By Sydney Pettey, USM Eco-Rep
You’re taking that 20-minute drive from Gorham to Portland to take a final exam. You are going through every piece of information you crammed into your head the night before and then it happens. That glowing, orange light goes on and your car stops. It can only mean one thing. You’re about to open your wallet. According to supermoney.com, the average car repair cost is $397.87, with prices ranging from $16.88 to $1,1190.18 per repair. In addition to repairs, there are monthly, annual and mileage-based expenses. These include oil changes and tire rotations every 5,000 miles, gas, insurance, inspection stickers, and registration.
It is common knowledge that automobiles release exhaust that contains carbon dioxide (CO2). As stated by Transport Geography, transportation contributes 25% to the total CO2 emissions, with automobiles contributing 10%. According to NASA, the greenhouse effect is important for warming Earth, but adding more greenhouse gases, like CO2, allows builds up this cloud, allowing less radiation back out to space, causing more warming on Earth.
In 2007, USM signed a pledge titled American College and University Presidents’ Climate Commitment (ACUPCC), to be carbon neutral by 2040 by decreasing its greenhouse gas emissions to zero. According to the Campus Sustainability Strategic Plan, USM hopes to reduce its greenhouse gas emissions by 20% from transportation alone by 2025. The use of alternative modes of transportation are key to reduce emissions from vehicles. USM’s Office of Sustainability led a Transportation Demand Management (TDM) study with private consulting firm VHB, which resulted in various initiatives to encourage and support alternative modes of transportation to achieve the 20% reduction in emissions from transportation.
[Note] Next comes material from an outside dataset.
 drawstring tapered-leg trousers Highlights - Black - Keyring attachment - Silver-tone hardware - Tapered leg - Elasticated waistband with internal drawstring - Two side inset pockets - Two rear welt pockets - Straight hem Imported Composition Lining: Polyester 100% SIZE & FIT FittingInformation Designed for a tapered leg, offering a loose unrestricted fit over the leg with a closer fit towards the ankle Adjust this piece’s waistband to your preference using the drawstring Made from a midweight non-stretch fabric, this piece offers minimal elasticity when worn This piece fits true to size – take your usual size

There are alternative modes of transportation other than a single-occupancy vehicle, including walking, biking, carpooling, and public transit.
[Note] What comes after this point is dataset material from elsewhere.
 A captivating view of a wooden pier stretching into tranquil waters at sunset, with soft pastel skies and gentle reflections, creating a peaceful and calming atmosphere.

A primary alternative mode of transportation offered at USM is public transit. USM partnered with Greater Portland Metro to create the Husky Line which travels between the Portland and Gorham campuses every 30 minutes. In addition to the Husky Line, Metro has 9 other routes throughout the Greater Portland Area that anyone with a USM card can ride for free. All you have to do is show the driver your card. By taking the Husky Line for that 19.8 mile round-trip between Portland and Gorham one day a week for one semester (14 weeks) in a 24.7 miles/gallon automobile (the average mpg) with gas costing $2.50 per gallon, you would save approximately $28 in gas for the semester, as calculated on calculator.net. It would be challenging to change your transportation habits overnight and no one expects you to, but taking little steps to alter your habits can benefit yourself, the community, and the planet.